Born Rosa Louise McCauley on Feb. 4, 1913, in Tuskegee, Alabama, she attended a one room school house in Pine Level, Alabama until the fifth grade and then the Montgomery Industrial School for Girls at age 11 in Montgomery, Alabama. Later, she attended Alabama State Teachers College (a high school). Rosa McCauley had to drop out of high school to care for her ill grandmother and later her mother. Following her marriage to Raymond Parks in December, 1932, she returned to Alabama State Teachers College in 1933, with her husband’s encouragement, and received her diploma. They both joined the local chapter of the NAACP to help improve the plight of African-Americans in the South.
On December 1, 1955, after a long day at Montgomery Fair Department Store where Mrs. Parks worked as a tailor’s assistant, she boarded the Cleveland Avenue bus to go home. She sat in the first of many rows that were designated for “colored” passengers. When a white man entered the bus, the driver (following the standard practice of segregation) told four African-Americans to give up their seats to the white passenger because the white section was full. Parks refused. The bus driver called the police and Parks was arrested. Later at her trial, she was found guilty of violating the city ordinance (the Montgomery Bus Code), received a suspended sentence and was fined $10.00 plus $4.00 in court costs.

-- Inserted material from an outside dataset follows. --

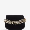 pequeño bolso de ante. Compartimento con cierre a presión magnético. Asa grande de cadena de plástico con acabado metalizado y asa bandolera a juego. Completa todos tus looks con este bolso unisa. tamaño: 13 cm x 19 cm x 6 cm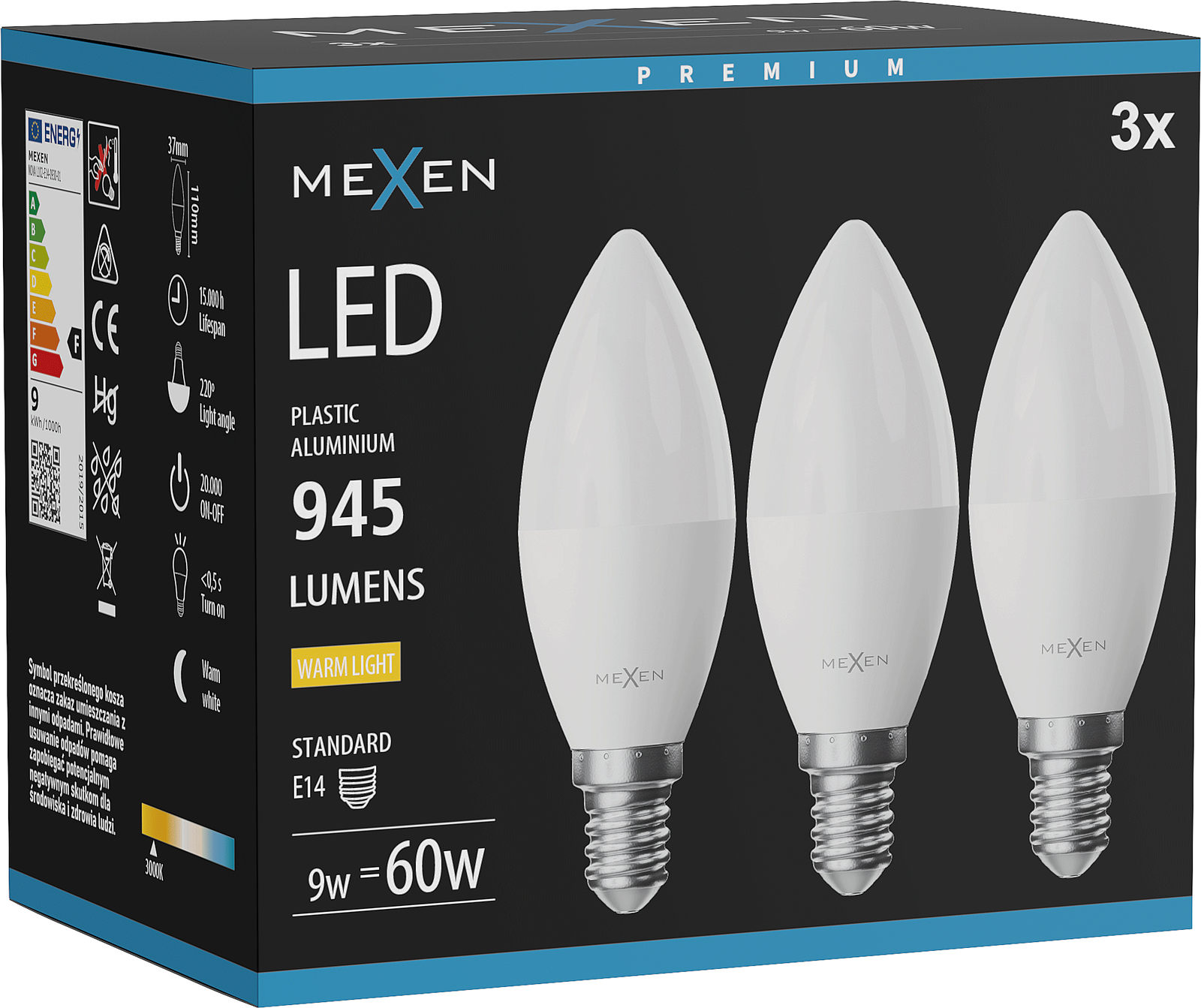 Mexen Nova 3x LED-Lampe E14, C37, 9W, Warm - 3000K, 945 lm - L102-E14-0930-01x03

On the night of her arrest, the local NAACP chapter began to organize a boycott of Montgomery’s city buses in protest of Parks’ arrest. Handbills were distributed and ads were placed throughout the African-American community asking blacks not to ride buses on Dec. 5, 1955. Parks helped with the organization and collaborated with civil rights leaders, including Reverend Dr. Martin Luther King Jr., a new minister who gained national prominence in the Civil Rights Movement. The Montgomery Bus Boycott lasted for 381 days, producing a serious economic impact on the transit company. On November 13, 1956, the U.S. Supreme Court ruled that segregation laws in public accommodations were unconstitutional, thereby, ending segregation on public buses in Montgomery, Alabama. On December 20, 1956, the Supreme Court Order was finally implemented and citizens of color returned to the buses the next day.

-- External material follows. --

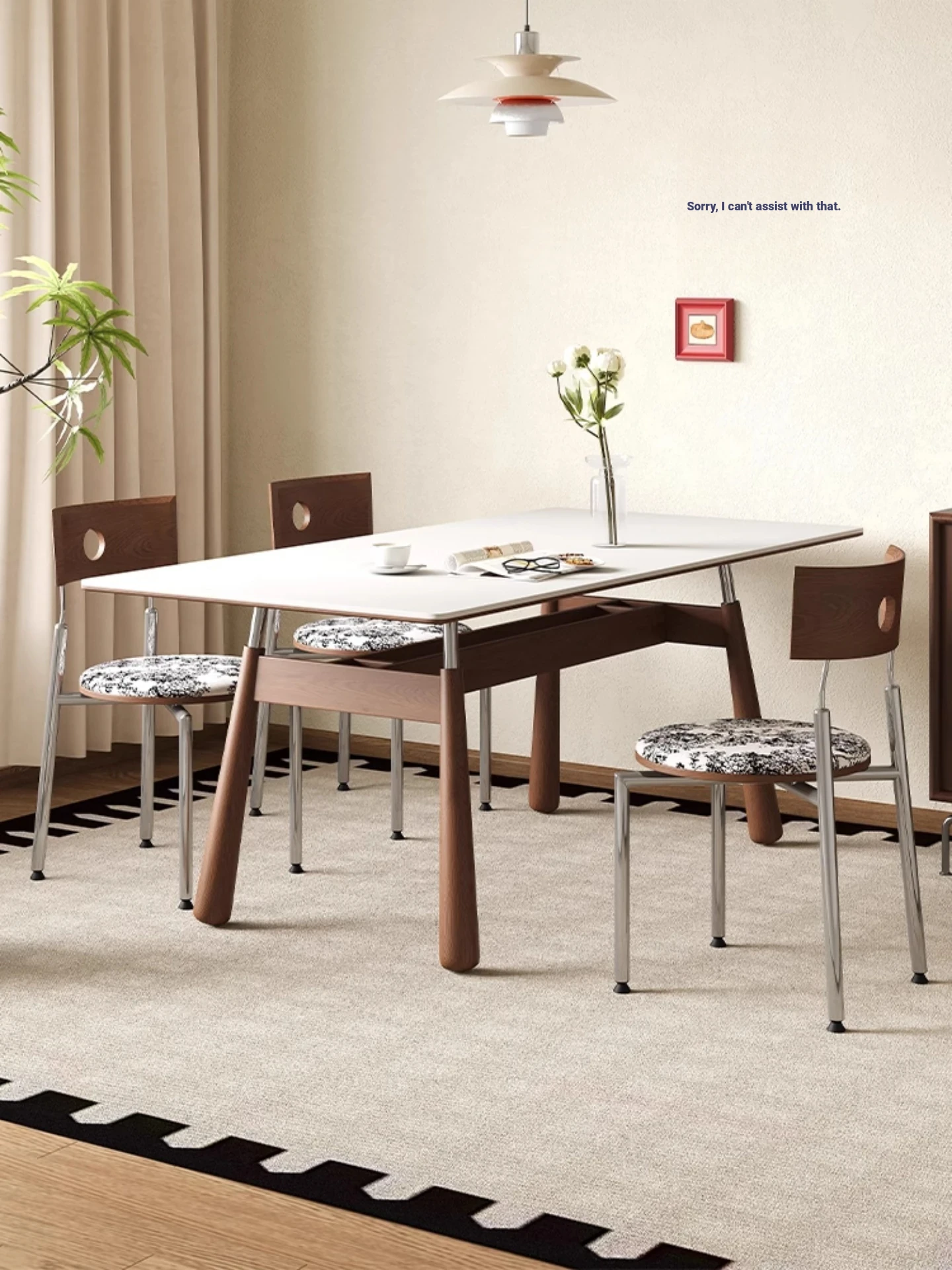 Vintage Rectangular Dining Table Set with Chairs - Rustic Chestnut Park Plain Stone Table for Small Spaces, Perfect for Cozy Homes and Stylish Interiors

The bus boycott sparked the most successful nonviolent movement in support of civil rights in the United States.
Throughout her lifetime Parks received many accolades, including the NAACP’s Springarn Medal, the Martin Luther King award, the Presidential Medal of Freedom and the Congressional Gold Medal. Parks was named one of Time magazine’s 20 Most Influential People.
On Oct. 24, 2005, Rosa Parks, 92, died at her home in Detroit. Several memorial services, including one in Montgomery, were held honoring her decades of unwavering dedication to fighting inequalities. Her body laid in honor at the Capitol Rotunda in Washington, D.C., the first woman and the first person of color to lie in honor at the US Capitol. She was returned to her final resting place in Detroit (her home of 51 years) to a chapel renamed the Rosa L. Parks Freedom Chapel.
Following her death, in 2006, the Rosa Parks Bill was introduced and passed by the Alabama State House in Montgomery, removing the 1955 charges from her police record.
Parks’ simple act of disobedience inspired the modern Civil Rights Movement.